The shortfall results from the demise of two suppliers (as retailers are known in the UK), TXU UK and Maverick Energy, which then failed to comply with their obligations to include a mandated volume of green electricity in their supply portfolios, or pay a penalty. Under the Renewables Obligation (RO), retailers demonstrate their compliance with the legislation by redeeming ROCs, or paying a penalty to "buy-out" of their obligation. Money in this buy-out fund is recycled back to suppliers in proportion to their compliance with the obligation; full compliance means no penalty.

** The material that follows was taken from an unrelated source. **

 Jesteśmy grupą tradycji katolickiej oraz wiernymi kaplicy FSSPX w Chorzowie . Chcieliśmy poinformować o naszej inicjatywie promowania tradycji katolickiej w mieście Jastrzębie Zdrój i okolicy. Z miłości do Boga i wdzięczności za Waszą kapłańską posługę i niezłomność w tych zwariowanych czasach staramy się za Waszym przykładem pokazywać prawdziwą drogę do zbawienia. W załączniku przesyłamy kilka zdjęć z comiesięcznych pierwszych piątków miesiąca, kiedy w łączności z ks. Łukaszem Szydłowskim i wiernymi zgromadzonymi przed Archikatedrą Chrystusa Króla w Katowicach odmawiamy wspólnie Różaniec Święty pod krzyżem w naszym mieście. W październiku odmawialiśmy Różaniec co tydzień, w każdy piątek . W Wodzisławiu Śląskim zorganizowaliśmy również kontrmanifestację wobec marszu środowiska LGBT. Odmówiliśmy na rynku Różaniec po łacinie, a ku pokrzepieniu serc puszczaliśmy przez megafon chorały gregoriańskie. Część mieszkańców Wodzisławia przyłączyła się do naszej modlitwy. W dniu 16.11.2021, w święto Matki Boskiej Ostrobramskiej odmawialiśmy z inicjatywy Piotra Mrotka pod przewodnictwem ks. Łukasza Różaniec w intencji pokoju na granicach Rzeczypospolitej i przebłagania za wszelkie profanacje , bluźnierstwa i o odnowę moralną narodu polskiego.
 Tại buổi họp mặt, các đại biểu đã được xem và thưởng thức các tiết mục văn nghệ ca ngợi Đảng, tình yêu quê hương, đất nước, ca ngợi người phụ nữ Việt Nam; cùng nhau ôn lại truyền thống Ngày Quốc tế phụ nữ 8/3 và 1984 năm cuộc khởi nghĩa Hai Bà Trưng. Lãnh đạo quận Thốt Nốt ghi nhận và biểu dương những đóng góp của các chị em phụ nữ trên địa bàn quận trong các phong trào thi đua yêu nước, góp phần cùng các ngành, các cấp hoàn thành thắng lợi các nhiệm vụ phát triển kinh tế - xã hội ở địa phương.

The biggest deficit in the buy-out fund was caused by TXU's failure to meet its obligation -- calculated to be some £23 million. Maverick owes around £500,000. The TXU insolvency administrator, Ernst & Young, obtained approval from the High Court to make a part payment directly to suppliers who claim for losses as a result of TXU's failure to pay into the buy-out fund. This will take the form of an "advance dividend" estimated to be around £0.35-0.40 in the pound.
It is not only suppliers who have been stung by the shortfall. Some renewable generators who signed up to deals with suppliers based on a percentage of the recycle value will also be directly affected by the hole in the buy-out fund.

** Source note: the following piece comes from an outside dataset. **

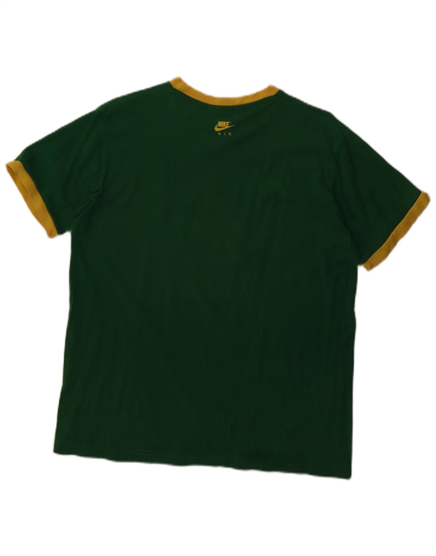 - AI Description: This Nike mens Graphic T-Shirt Top is crafted from soft green jersey fabric. It features a classic round neck and short sleeves. The regular fit ensures comfortable wear. A prominent Nike Air logo accentuates the design. This sports style pullover offers effortless athletic appeal. It is perfect for everyday casual or active use.

Energy minister Stephen Timms calls Ernst & Young's proposed part payment "a helpful first step" in limiting the adverse impact caused by TXU's failure to comply with its obligation. Timms says he wants to see confidence in the market restored and will consult industry on proposals to minimise the effects of any future shortfalls in the ROCs market. The basis of government's approach, however, "will be that the industry bears the risk of any electricity suppliers going into administration."
That risk is now being factored into prices for ROCs, reports Fiona Santokie from ROCs brokers NatSource Tullett Europe. Before the TXU debacle, most ROC trades were executed at flat prices per certificate as buyers were willing to shoulder more of the risk of the buy-out recycle value. Now, however, buyers are more interested in structured deals for ROCs, she explains. This generally involves a payment consisting of the £30.51 buy-out for each MWh not supplied, plus a given percentage of the recycle value when this is paid out by the government -- for the current obligation period this will be late 2004.

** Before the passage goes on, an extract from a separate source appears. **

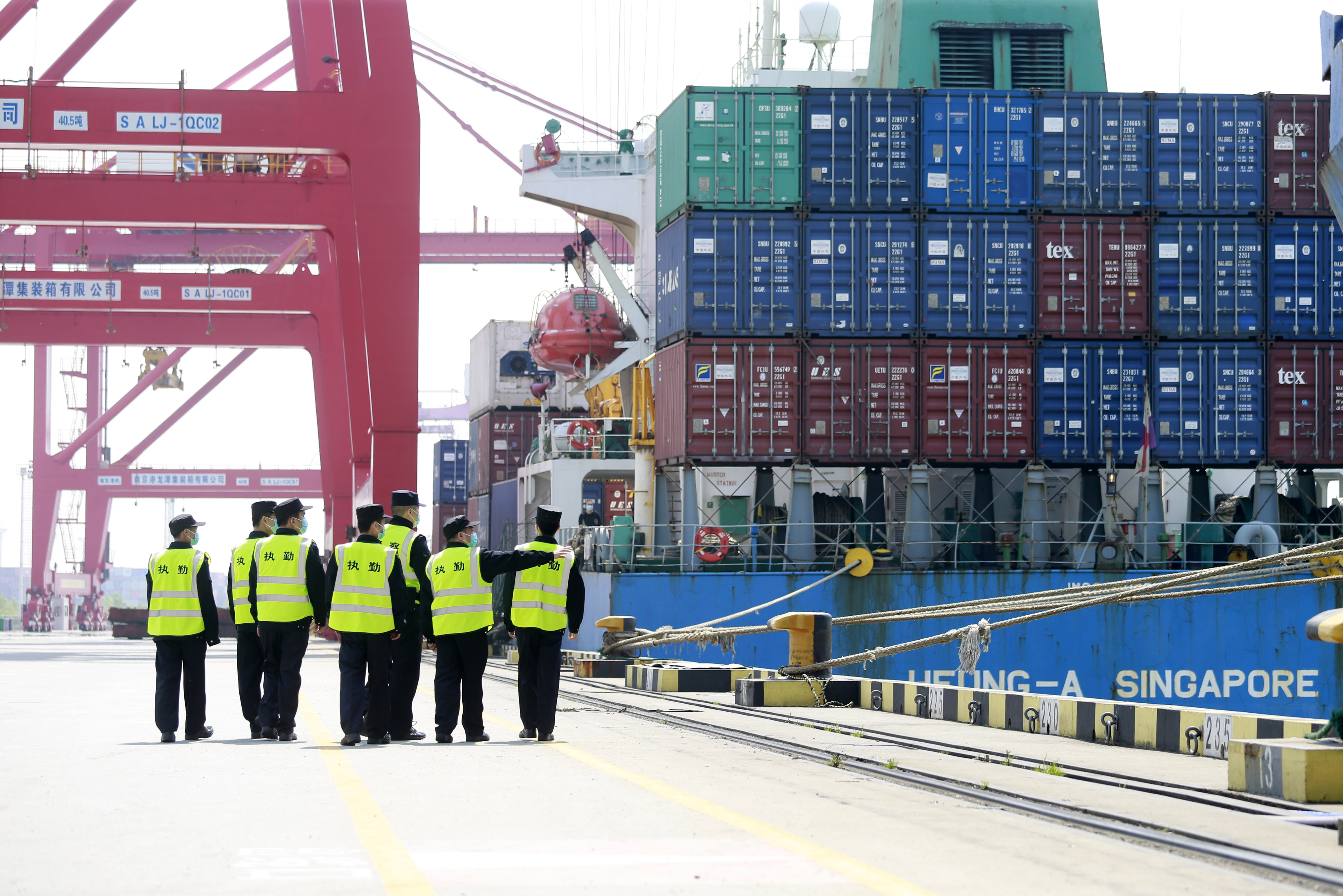 4月27日,在南京港出入境邊檢站民警的帶領(lǐng)下,廣西籍輔警參與碼頭巡邏。

Santokie warns that this trend towards percentage sharing is being reflected in long term bundled transactions and could inhibit growth in renewables -- particularly offshore wind. "Because buyers are less willing to shoulder the risk of the recycle value, guaranteed floor prices within bundled deals will be lower, therefore renewable technologies with higher costs per megawatt hour such as offshore wind will find it harder to obtain financing," she says.